[Problem to solve]: Would you copy the records below, exactly and only from their first line through the line containing "Methods: The cross-sectional", without any pictures?

───── Record extracts ─────

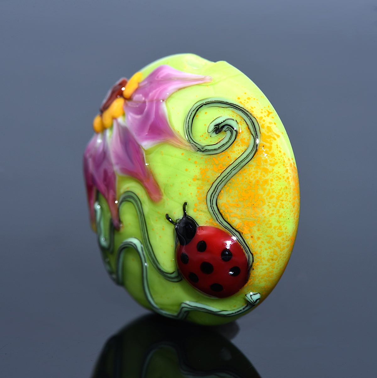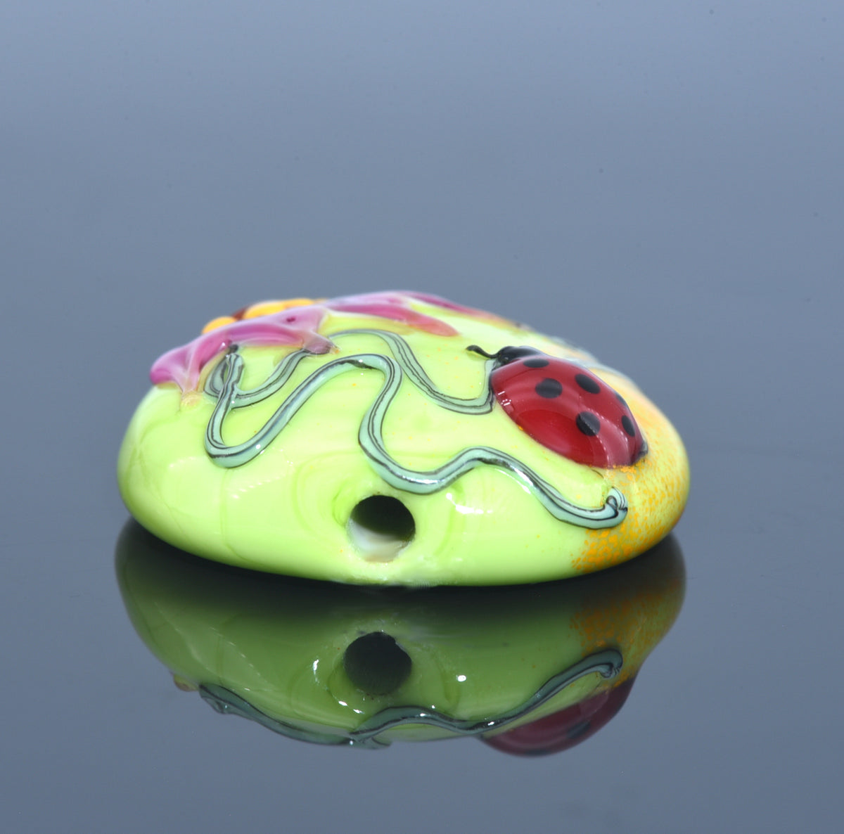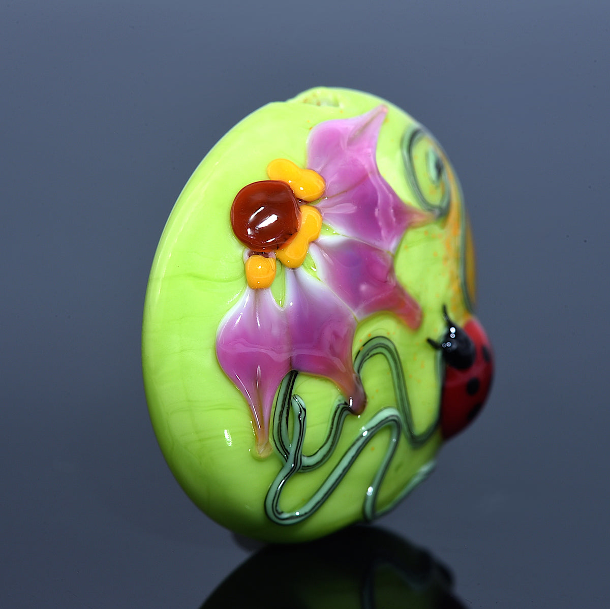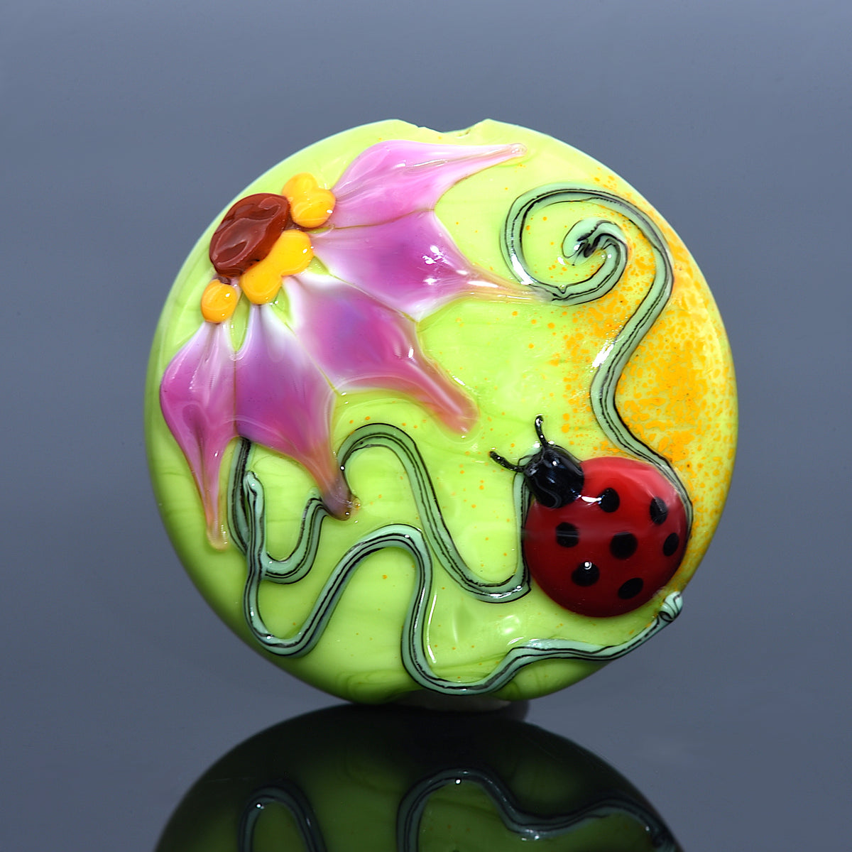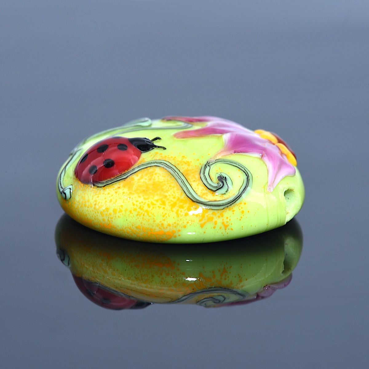 11833102 - Ladybug on Spring Green Lentil Focal Bead
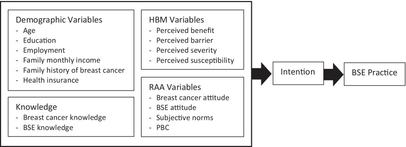 Methods: The cross-sectional study was conducted on 204 women aged 18-65 years in Surabaya, Indonesia. A 64-item survey was conducted, included variables from the Reasoned Action Approach, and the Health Belief Model, presented questions about demographics, breast cancer knowledge, and behavior related to BSE.
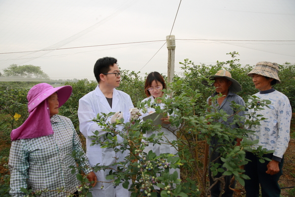 安慶職院教師劉冬、李萍兩位博士致力于農(nóng)產(chǎn)品精深加工技術(shù)、植物病蟲害等方面的研究,兩人領(lǐng)銜的農(nóng)林與服裝學(xué)院專業(yè)教師團(tuán)隊活躍在山坡田間和農(nóng)企車間,從土壤改良、病蟲草害綠色防控到藍(lán)莓系列產(chǎn)品精深加工等方面,為懷寧縣黃墩鎮(zhèn)藍(lán)莓企業(yè)提供技術(shù)服務(wù)。
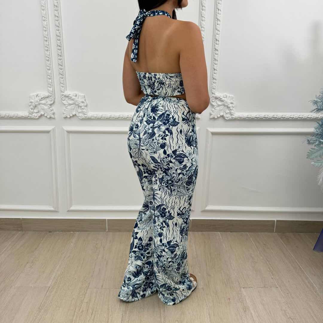 Coordset composto da pantagonna a palazzo e top incrociato al collo. Sia il top che il pantalone presentano l’elastico.
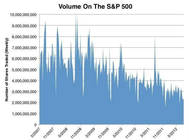 Výsledkem výše zmíněných a řady dalších faktorů je stále nižší objem obchodů s akciemi. Důvěra investorů je otřesena, velké fondy se stále drží konzervativních strategií, k nechuti drobných investorů sázet na akcie přispívají i nejasnosti spojené s vysokofrekvenčními obchody, které vedly k několika takzvaným "flash crashům".
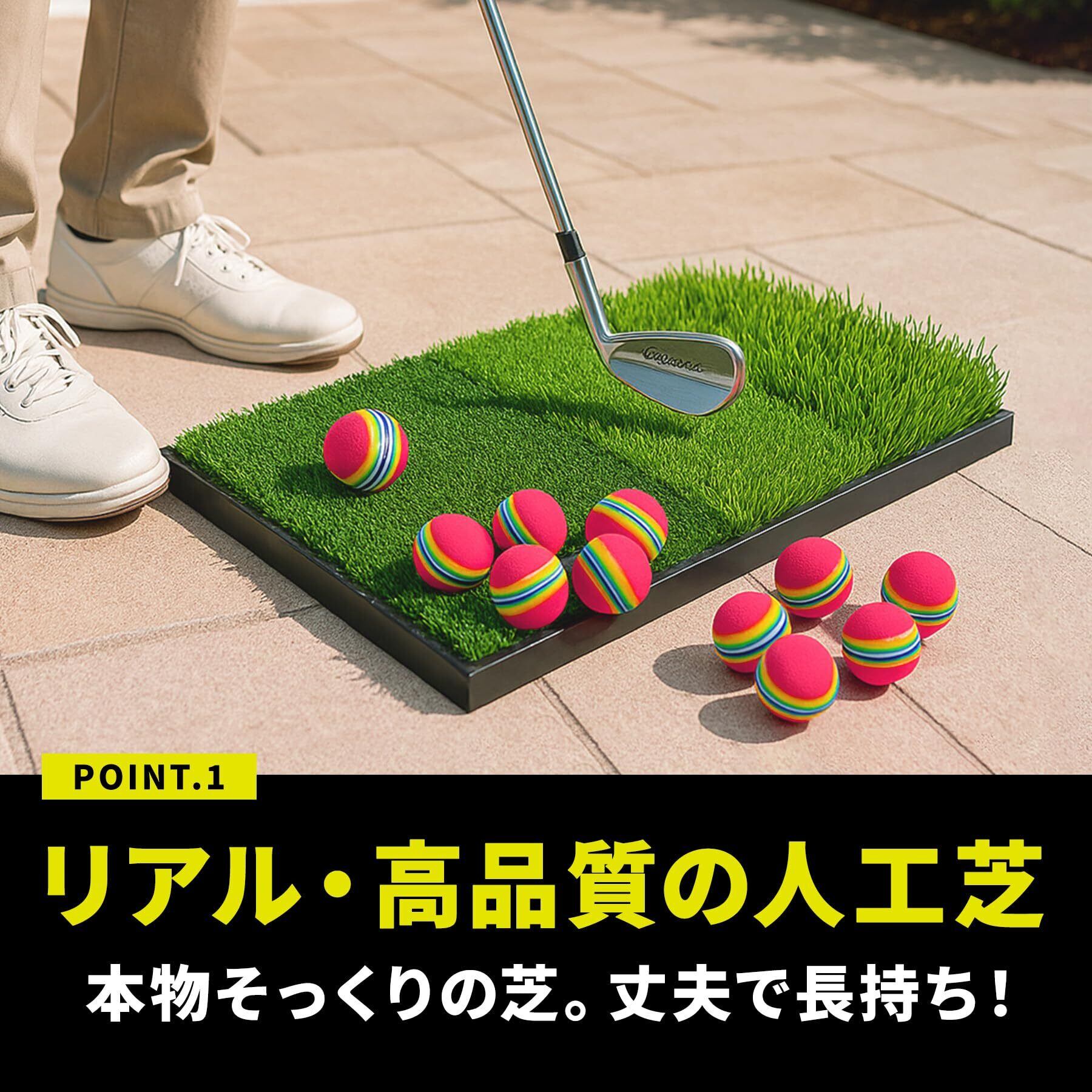 【ラフ・芝・短い芝の3種類構成】芝風マットはラフ・芝・短い芝の3種類構成となっており、それぞれの芝の長さが35mm・15mm・10mmとなります。、様々なシチュエーションを想定してトレーニングしてみてはいかがでしょうか?
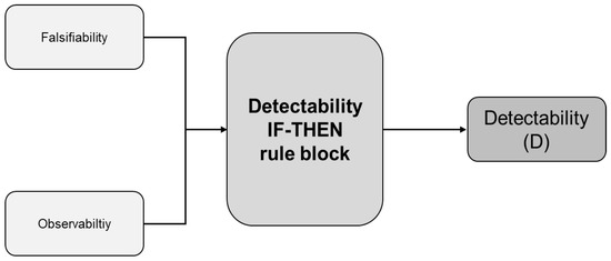 At this step, as for the occurrence index, specific IF-THEN FAM inference rules have to be adopted to integrate the two coefficients (falsifiability and observability) and gather a systematic assessment of the detectability index (see Figure 2).
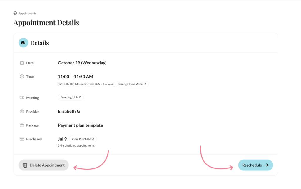 On the next screen, you’ll see buttons to Reschedule and Delete Appointment.
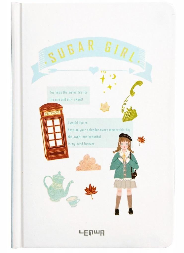 Planer B6 w twardej oprawie z błękitnym grzbietem i napisem: Sugar girl. Niebanalna okładka z wieloma rysunkami i napisami. Posiada 112 szytych kartek gładkich, w linie i w kropki oraz tygodniowy planer i materiałową zakładkę.

─────

[Task response]:
 11833102 - Ladybug on Spring Green Lentil Focal Bead
 Methods: The cross-sectional study was conducted on 204 women aged 18-65 years in Surabaya, Indonesia. A 64-item survey was conducted, included variables from the Reasoned Action Approach, and the Health Belief Model, presented questions about demographics, breast cancer knowledge, and behavior related to BSE.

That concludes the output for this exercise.